Das flush hatte ich deswegen hinzugefügt, aber musste leider feststellen, dass das nicht die Lösung war.


----------



## LimDul (10. Okt 2022)

Welche JPA Implementierung verwendest du?

Versuch mal den Level 2 Cache da zu deaktivieren - das Problem dürfte nicht die Bean sein, sondern generell der Level 2 Cache von JPA. Der behält die Objekte im Cache und lädt sie nur neu, wenn er mitbekommt, das sich was geändert hat. Und wenn du auf dem einen Server was änderst, bekommt es der andere nicht mit.

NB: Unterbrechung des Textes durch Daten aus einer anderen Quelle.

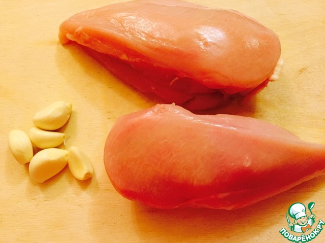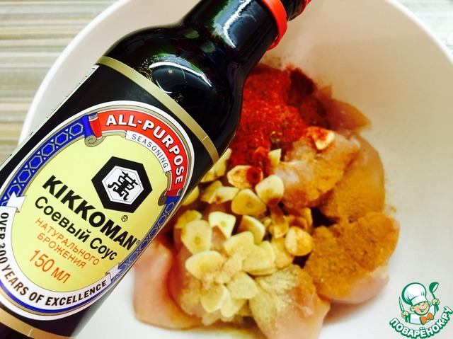К куриному филе добавляем чеснок, соевый соус, паприку, перец, и имбирь

Den kann man zwar auch shared anlegen - aber hören meine Kenntnisse auf.


----------



## Oneixee5 (10. Okt 2022)

Du musst einen Weg finden, das bei einer Änderung die Daten vom anderen Server neu geladen werden. Man kann einen Shared Cache verwenden, z.B. Redis, um das Problem zu umgehen oder eine Server2Server-Kommunikation etablieren, so das sich beide Server gegenseitig über Änderungen informieren. Die dritte Möglichkeit wäre, ganz auf Caching zu verzichten, dann werden die Daten aber jedes mal aus der DB geladen, wenn sie benötigt werden.
Wir gehen bei JEE immer den Weg über Cluster. Dann kann man die Anwendung dynamisch auf verschiedene VM's verteilen aber gleichzeitig Singleton Services definieren, welche einen einzigen globalen Zustand halten, auch über mehrere JVM's hinweg.


----------



## DaBe1812 (10. Okt 2022)

Hi, ich benutze EclipseLink und hab da mal das Caching durchgelesen. Ein Weg wäre wohl RMI. So, wie ich das lese muss ich es wohl erstmal nur einschalten, den Rest macht es automatisch.
@Oneixee5 : Kannst du mir da etwas zum Lesen empfehlen, das hört sich an, als wenn ich damit generell noch optimieren könnte. Wir haben nämlich auch Timer, die mehrfach laufen und nicht sollte, und Timer, die ich gerne auf jeder VM laufen haben möchte.


----------



## httpdigest (10. Okt 2022)

Google "EclipseLink JPA disable cache" --> https://wiki.eclipse.org/EclipseLink/FAQ/How_to_disable_the_shared_cache?
"RMI" as in "Remote Method Invocation" hat hiermit absolut überhaupt nichts zu tun.


----------



## DaBe1812 (10. Okt 2022)

Also kann ich damit nichts anfangen: Cache Coordination
Mit Beispiel hier: Examples
So, wie ich das verstehe unterhalten sich die beiden Server über die Datenbankverbindung. Ich möchte den Cache eigentlich nicht deaktivieren, wenn es möglich wäre, dass Server B mit bekommt, dass Server A etwas verändert hat.


----------



## LimDul (10. Okt 2022)

Du kannst dir das mal ansehen: https://medium.com/codex/scaling-your-database-with-eclipselink-and-redis-d8a6c809a155

So wie ich das mit Googlen verstanden gibt es out of the Box für Eclipselink 2 Möglichkeiten:

a) RMI (Das will man nicht. Never ever)
b) JMS - Setzt aber wohl einen MessageBroker voraus 

Oder halt eine Eigenbaulösung wie oben im Link, bzw. hier auch noch mal https://dzone.com/articles/scaling-database-with-eclipselink-and-redis-9

Als dritte Lösung - die aber vermutlich am aufwendigsten ist - ist redis + Umstieg auf Hibernate, weil hibernate das wohl automatisch kann.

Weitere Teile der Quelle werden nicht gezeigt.